July 31, 2024 by Victor M. Alvarez3 minutes
One of the design goals for YARA-X was to create a parser that could be reused in various tools like code formatters, linters, automatic rule generators. In YARA, the parser is so tightly coupled with the code generator that it cannot be repurposed. This forced developers to write their own parser for YARA rules, leading to many unofficial parsers that often fell behind the official version.
From the outset, YARA-X aimed to address this by providing a reusable parser that produced both an Abstract Syntax Tree (AST), and a Concrete Syntax Tree (CST), also known as a lossless syntax tree. The CST retains all source code details, like comments, newlines, and spacing, which are crucial for tools like code formatters. This parser was initially based in the excellent Pest library.
However, starting with version 0.6.0, we decided to replace Pest with our own custom-made parser. The reasons are twofold: first, the Pest parser is not error-tolerant and aborts parsing at the first syntax error; second, the produced CST is not modifiable, making it impractical for use cases like automated code refactoring.
This issue was highlighted by Tomáš Ďuriš and Marek Milkovič from Gen Digital. At Gen Digital they are heavy users of YARA and were excited about the YARA-X project. They contacted me early on, offering their help and many interesting ideas. One of areas in which they wanted to contribute was in creating a Language Server for Visual Studio Code.
A Visual Studio Code Language Server implements the Language Server Protocol (LSP), which allows for features such as code completion, error checking, navigation, and refactoring. It enhances the coding experience by providing real-time feedback and intelligent code editing features. However, while the Pest-based parser was an improvement over the legacy YARA parser, it was still insufficient for implementing an LSP.

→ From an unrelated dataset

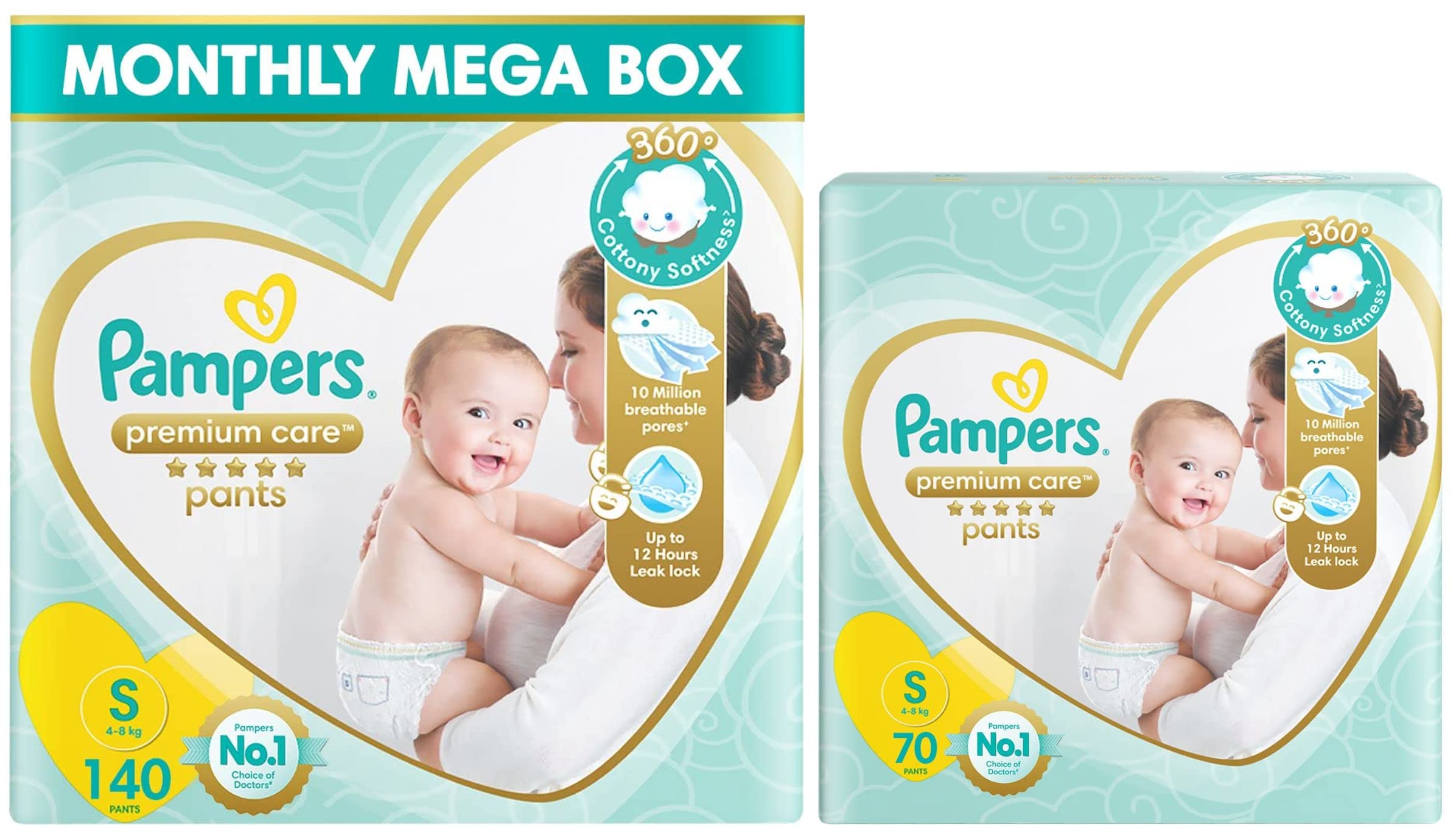 Pampers Premium Care Pants Diapers Small 70 CountNew Pampers premium pants with cotton like soft materials is best for your baby’s delicate skin. Pampers premium pants contain lotion with aloe vera and 3 air channels which helps your baby’s skin breathe. Experience 5 star comfort with unique added features like wetness indicator which turns yellow to blue indication when you may change and disposal tape which helps you in easy disposal of the diaper. Pampers is the no.1 choice of doctors for diapers. Pampers premium pants are available in new born (nb) s m l xl and xxl sizes.Pampers Premium Care Pants Diapers Small 140 CountNew Pampers premium pants with cotton like soft materials is best for your baby’s delicate skin. Pampers premium pants contain lotion with aloe vera and 3 air channels which helps your baby’s skin breathe. Experience 5 star comfort with unique added features like wetness indicator which turns yellow to blue indication when you may change and disposal tape which helps you in easy disposal of the diaper. Pampers is the no. 1 Choice of doctors for diapers. Pampers premium pants are available in new-born (NB) S M L XL and XXL sizes

With the help of Tomáš Ďuriš, who conducted the initial research and prototyping, I embarked on a major refactoring effort. This resulted in the complete removal of the Pest-based parser and the creation of a new parser that addresses all the previously mentioned shortcomings.
The new parser is error-resilient, and in the future it will be capable of producing a modifiable CST. Additionally, it is faster for certain rules that were pathologically bad cases for the Pest-based parser. For instance, this seemingly simple YARA rule fails to compile with YARA-X 0.5.0 but works perfectly with version 0.6.0.
With these changes, the groundwork has been laid for developing more advanced and powerful tools that can leverage the improved parsing capabilities.